*What needs to be done*: Beginning with the line that contains "Terminate la compilazione", retype the entries below exactly, ending with the line that contains "PULSEIRA BANHADA EM". Leave out any pictures.

*Source data*:
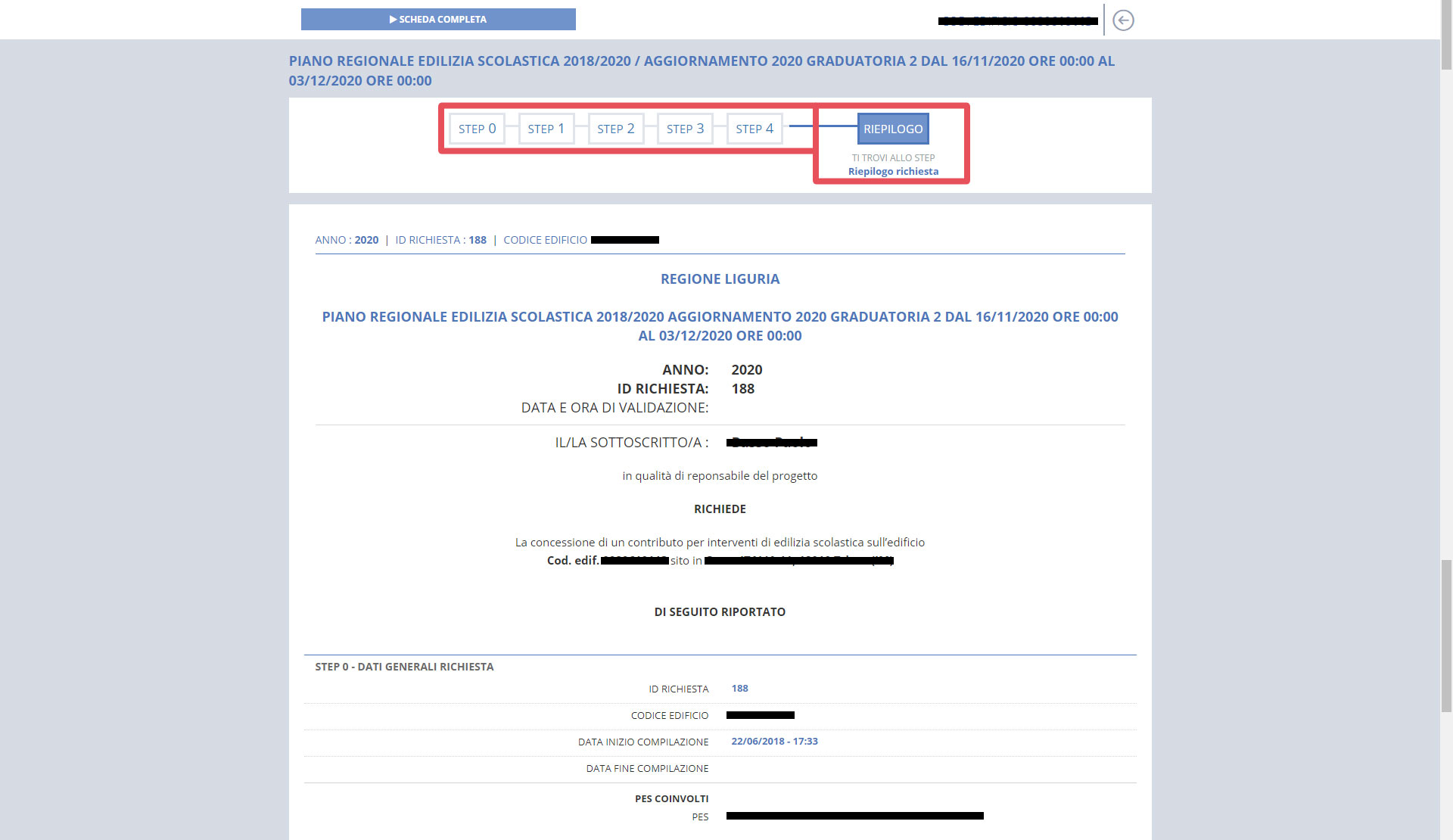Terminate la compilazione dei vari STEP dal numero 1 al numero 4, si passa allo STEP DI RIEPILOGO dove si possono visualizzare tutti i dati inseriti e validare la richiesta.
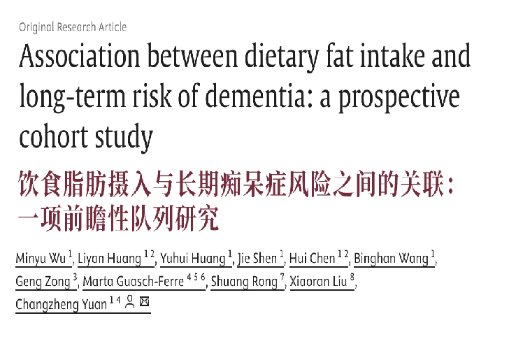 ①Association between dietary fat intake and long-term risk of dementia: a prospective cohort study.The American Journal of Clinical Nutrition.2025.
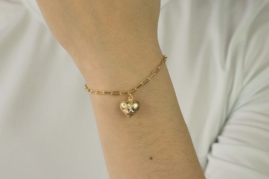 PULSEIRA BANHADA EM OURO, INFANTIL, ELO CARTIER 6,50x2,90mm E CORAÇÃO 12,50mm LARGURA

...

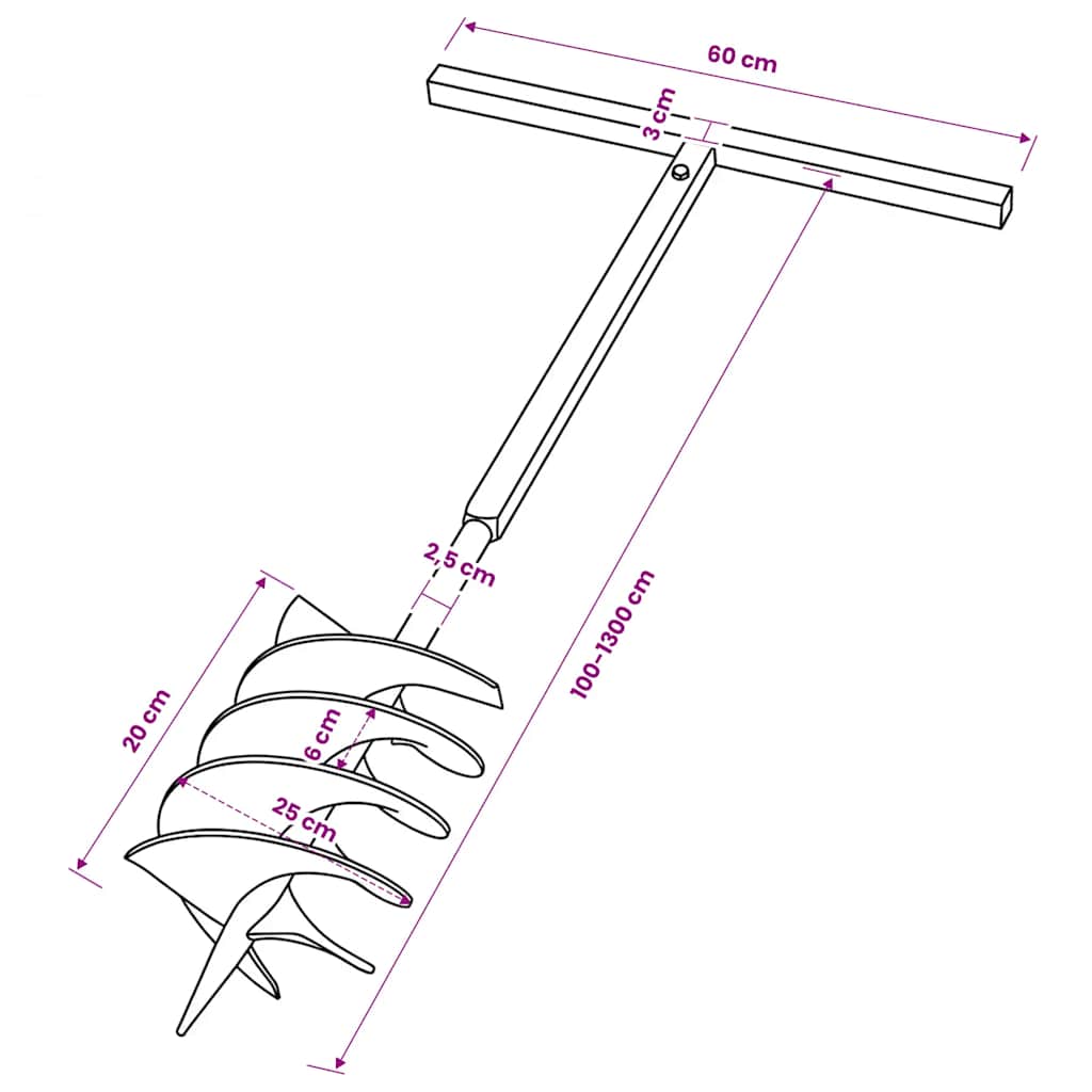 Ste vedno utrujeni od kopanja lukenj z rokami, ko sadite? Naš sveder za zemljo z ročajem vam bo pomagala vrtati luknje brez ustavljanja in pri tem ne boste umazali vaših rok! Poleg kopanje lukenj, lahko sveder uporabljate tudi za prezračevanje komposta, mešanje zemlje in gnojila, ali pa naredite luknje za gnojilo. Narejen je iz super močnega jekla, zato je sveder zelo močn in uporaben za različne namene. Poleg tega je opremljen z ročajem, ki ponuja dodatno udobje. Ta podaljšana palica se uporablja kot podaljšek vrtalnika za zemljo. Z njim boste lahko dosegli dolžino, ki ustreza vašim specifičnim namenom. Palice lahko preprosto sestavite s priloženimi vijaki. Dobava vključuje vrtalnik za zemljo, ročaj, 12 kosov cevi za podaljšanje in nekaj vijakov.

--

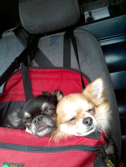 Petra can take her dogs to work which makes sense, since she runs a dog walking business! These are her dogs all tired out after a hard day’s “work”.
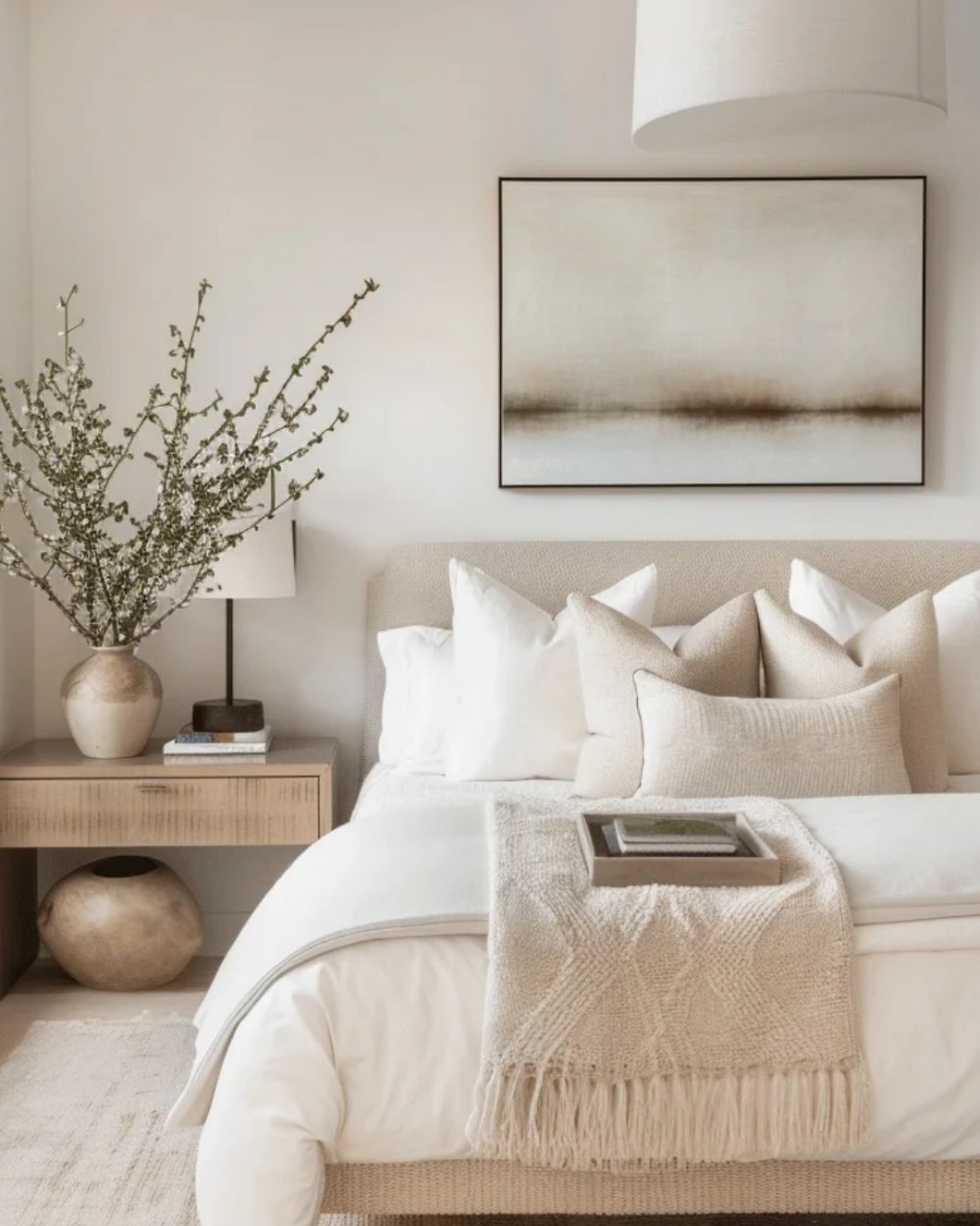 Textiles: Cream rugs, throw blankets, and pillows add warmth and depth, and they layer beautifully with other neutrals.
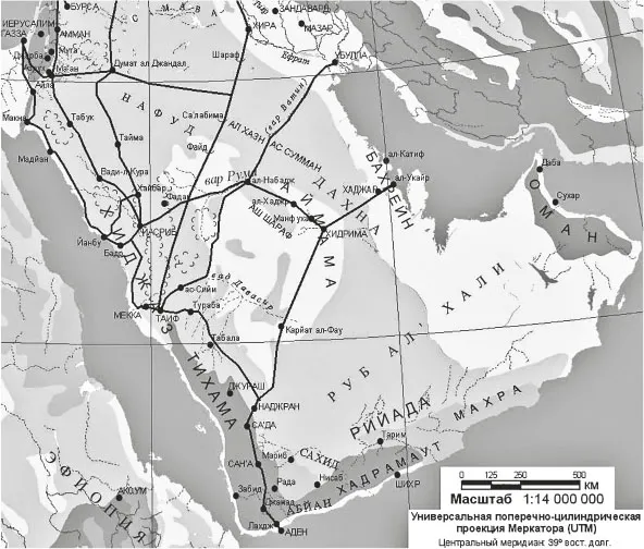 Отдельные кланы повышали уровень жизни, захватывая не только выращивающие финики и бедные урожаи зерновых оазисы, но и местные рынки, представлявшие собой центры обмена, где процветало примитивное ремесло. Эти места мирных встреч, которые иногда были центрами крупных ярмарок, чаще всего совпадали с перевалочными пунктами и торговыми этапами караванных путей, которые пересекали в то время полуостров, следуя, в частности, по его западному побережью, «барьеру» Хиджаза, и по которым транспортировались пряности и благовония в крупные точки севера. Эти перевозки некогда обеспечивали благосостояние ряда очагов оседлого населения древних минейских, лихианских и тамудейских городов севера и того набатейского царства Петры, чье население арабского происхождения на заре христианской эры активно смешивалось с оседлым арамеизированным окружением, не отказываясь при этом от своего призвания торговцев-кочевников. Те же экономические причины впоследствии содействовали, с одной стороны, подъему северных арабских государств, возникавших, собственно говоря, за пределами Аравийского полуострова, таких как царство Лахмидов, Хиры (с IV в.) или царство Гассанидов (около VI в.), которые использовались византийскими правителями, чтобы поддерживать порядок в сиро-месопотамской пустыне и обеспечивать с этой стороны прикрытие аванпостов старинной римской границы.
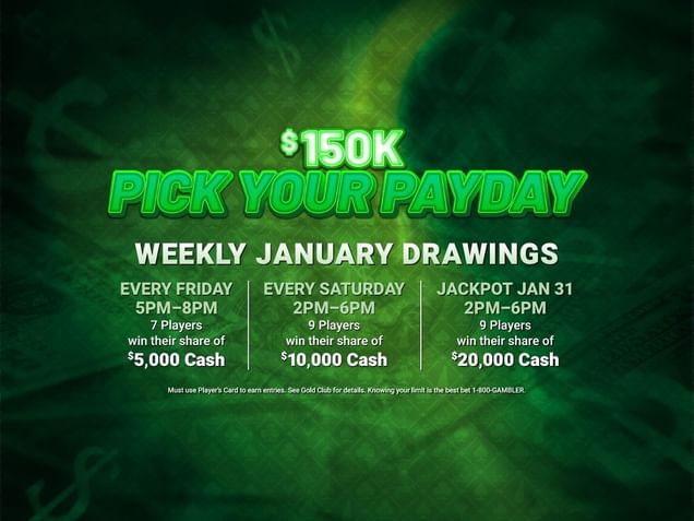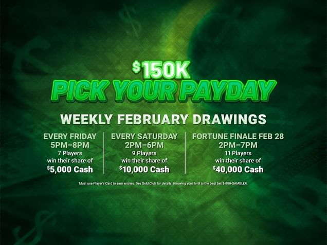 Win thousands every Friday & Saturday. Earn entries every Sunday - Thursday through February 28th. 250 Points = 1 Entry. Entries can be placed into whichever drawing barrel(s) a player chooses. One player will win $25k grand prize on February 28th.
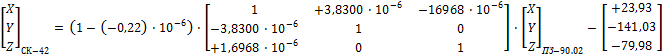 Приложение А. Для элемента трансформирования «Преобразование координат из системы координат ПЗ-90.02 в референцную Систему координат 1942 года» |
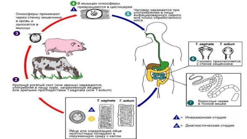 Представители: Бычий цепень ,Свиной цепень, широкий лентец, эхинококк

*Answer box*:
Terminate la compilazione dei vari STEP dal numero 1 al numero 4, si passa allo STEP DI RIEPILOGO dove si possono visualizzare tutti i dati inseriti e validare la richiesta.
 ①Association between dietary fat intake and long-term risk of dementia: a prospective cohort study.The American Journal of Clinical Nutrition.2025.
 PULSEIRA BANHADA EM OURO, INFANTIL, ELO CARTIER 6,50x2,90mm E CORAÇÃO 12,50mm LARGURA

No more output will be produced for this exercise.